As idas e vindas da escola Maria Stela de Novaes moldavam-se como um padrão inevitável. Não era um caminho escolhido por mim, mas um destino diário conduzido pela necessidade. Dentre tantos colegas que compartilhavam o trajeto, a Jaque começou a se destacar. Era a terceira série, e nós já nos reuníamos em pequenos “bandos” para ir e voltar da escola. Cada um seguia seu rumo ao final do trajeto, mas até então, caminhávamos juntos, construindo uma rotina que, sem perceber, marcaria a memória.
Chegávamos à minha rua, e enquanto eu descia para a Rua da Vitória, em algumas ocasiões, acompanhava Jaqueline até a entrada da sua casa. Nunca conheci seus pais, mas suas histórias e seu jeito nos levavam a imaginar que ela era rica. Hoje, sei que isso era apenas fruto de nosso imaginário infantil; afinal, não estaria ela, como nós, estudando em uma escola municipal ao lado da maré?
Um dia, comprei um chiclete que vinha com um anel de plástico. Simples e colorido, parecia especial. Ofereci a ela, um gesto singelo, mas que para mim era cheio de significado. Após esse episódio, tudo mudou. Os colegas, talvez por inocência ou inveja, começaram a dizer para Jaqueline que eu queria namorar com ela. A verdade era que nunca havia dito tal coisa, mas no fundo, era impossível negar que eu tinha uma afeição especial por ela.

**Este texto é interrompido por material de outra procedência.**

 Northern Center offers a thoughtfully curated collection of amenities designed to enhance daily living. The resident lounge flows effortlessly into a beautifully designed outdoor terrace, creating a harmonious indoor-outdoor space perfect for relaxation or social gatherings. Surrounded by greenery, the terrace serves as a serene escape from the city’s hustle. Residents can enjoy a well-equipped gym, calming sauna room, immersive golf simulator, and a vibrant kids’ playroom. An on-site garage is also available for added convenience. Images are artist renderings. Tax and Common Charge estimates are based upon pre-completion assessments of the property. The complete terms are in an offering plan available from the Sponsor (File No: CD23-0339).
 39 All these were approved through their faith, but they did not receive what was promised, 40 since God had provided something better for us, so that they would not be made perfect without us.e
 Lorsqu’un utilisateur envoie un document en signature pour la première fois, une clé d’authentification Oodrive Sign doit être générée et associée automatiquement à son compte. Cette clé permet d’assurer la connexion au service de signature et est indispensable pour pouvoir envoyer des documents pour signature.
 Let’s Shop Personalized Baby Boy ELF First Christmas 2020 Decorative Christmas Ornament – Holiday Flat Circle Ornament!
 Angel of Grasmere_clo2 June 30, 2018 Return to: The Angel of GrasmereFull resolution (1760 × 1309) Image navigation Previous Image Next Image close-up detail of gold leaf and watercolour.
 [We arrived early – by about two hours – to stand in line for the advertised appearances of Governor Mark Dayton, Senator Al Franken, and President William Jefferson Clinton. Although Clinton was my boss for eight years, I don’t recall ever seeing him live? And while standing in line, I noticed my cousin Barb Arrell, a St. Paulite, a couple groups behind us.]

A acusação dos colegas não passou despercebida, e Jaqueline começou a se afastar.
A distância começou pequena, quase imperceptível, mas logo tornou-se um abismo. Cada vez que a via, meu coração acelerava, e eu perdia a coragem de conversar com ela. Quando ela ia embora, já não caminhávamos juntos. Eu, no entanto, seguia a uma distância segura, observando seus passos, tentando reunir coragem para restabelecer a conexão que o chiclete, ironicamente, parecia ter rompido. Mas nunca consegui. Ela se afastou, e eu me afastei também.

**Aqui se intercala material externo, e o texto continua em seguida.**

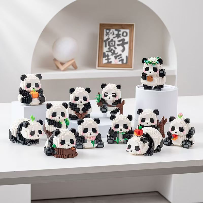 Mainan blok bangunan partikel kecil bertema panda, kompatibel dengan Lego, hadiah puzzle 3D, blok bangunan bertema panda
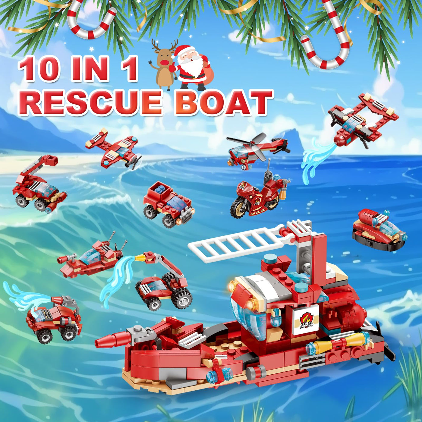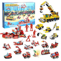 Q: What types of vehicles are included in the Advent Calendar?A: This Advent Calendar contains a variety of block vehicle sets, including a rescue airplane, water and underwater rescue boats, a rescue car, a motorcycle, and firefighting figures, providing a diverse play experience.
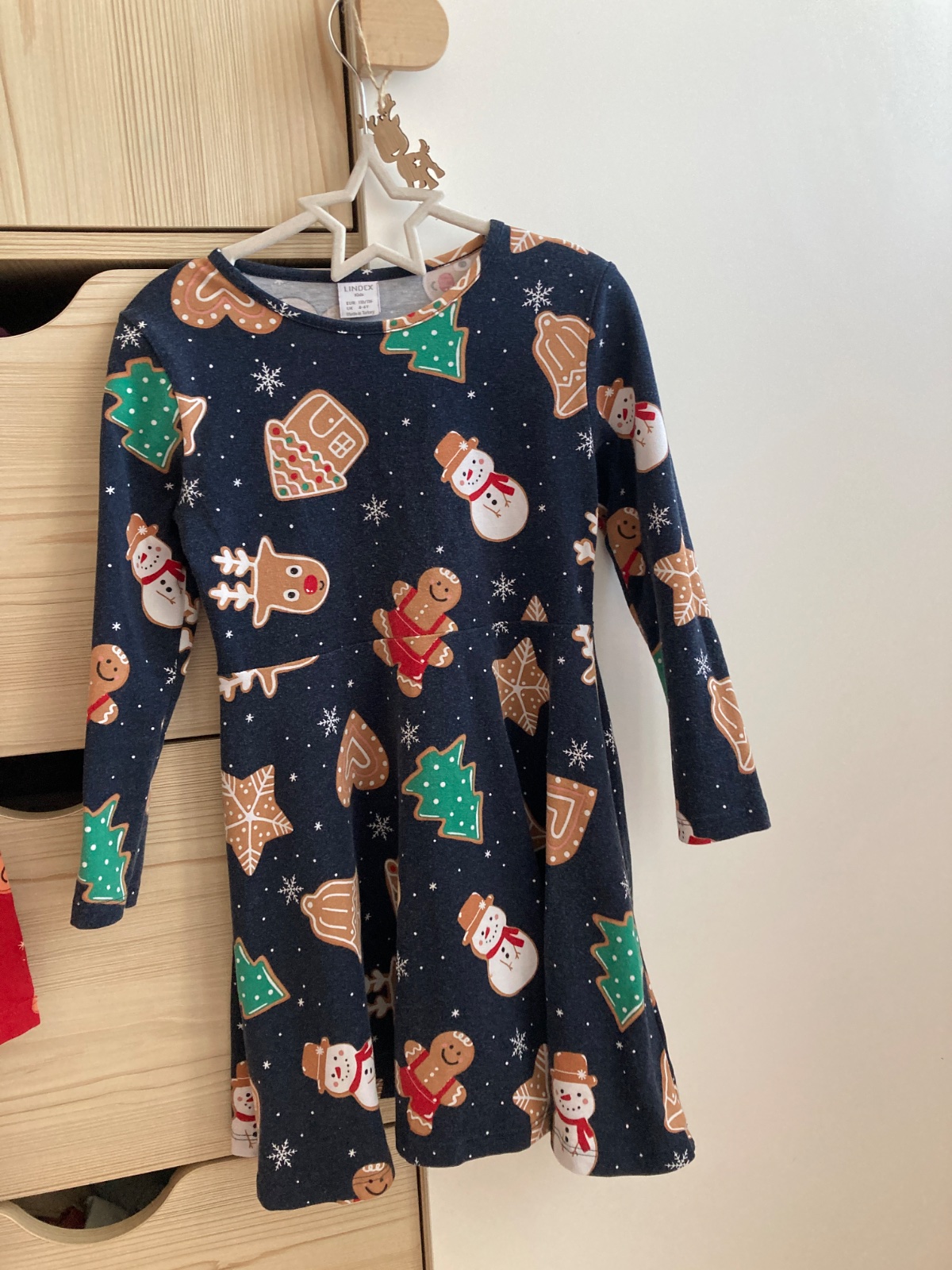 Ponukam na predaj tuniky s vianočnou potlacou Lindex. Veľkost na visacke 116, sedia na 116 a aj menšiu 122. Tmavo modrá je v stave bez poškodenia. Na červenej sa bohužiaľ pri dolnom leme sukne urobila mini dierka, prasklo vlakno, vid. foto, snažila som sa to zašiť najlepšie ako som vedela. Predaj samostatne alebo spolu. Cena
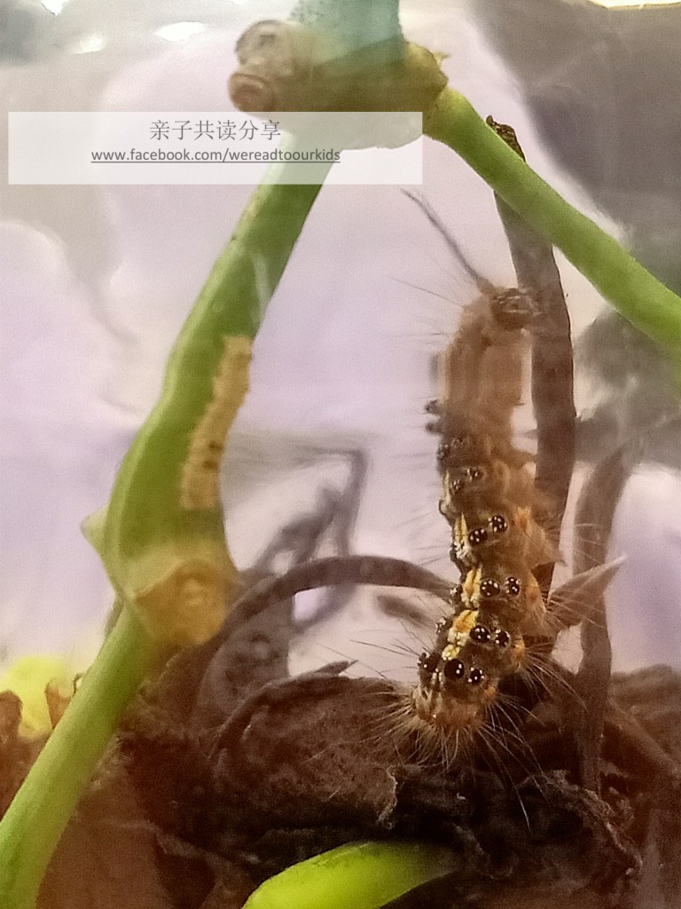 多多的昆虫热继续延烧,目前我们家有一个蚂蚁窝、一个马陆窝,还有几只野生捕获的可怜毛毛虫。蚂蚁窝是我为了环保省钱,上网DIY做一个应酬他的,效果虽然不是很好,但也够他忙几个星期,现在是个被废弃的沙罐子。毛毛虫养了几个星期,潜逃过几次,后来儿子声称已经成蛹“飞”走了,但我啥都没看见,极度怀疑是葬身于粪便与叶子花朵中。

Anos depois, em um supermercado Extrabom da Vila Rubim, a vi. Estava com um menino que corria para todos os lados. Pelo que tudo indicava, era filho dela, pois em uma interação com o menino, ouvi quando ela disse: “meu filho…”. Eu olhei para ela, e ela olhou para mim, disfarçadamente. Quando nossos olhos se cruzaram, imediatamente ambos desviaram o olhar, como se tivéssemos assumido silenciosamente que nos conhecíamos, mas sem a coragem de reatar o laço perdido. Seguimos nossos caminhos sem a conexão da palavra.
Tempos mais tarde, algumas vezes no ônibus, a vi novamente. Agora, estava com uniforme, indo e voltando, não mais da escola, mas do trabalho. Dessa vez, ela já não olhava. Fingiu não me reconhecer. O tempo havia transformado aquela menina que um dia fez meu coração acelerar em uma mulher, e o laço que outrora existira dissolveu-se completamente, restando apenas a lembrança.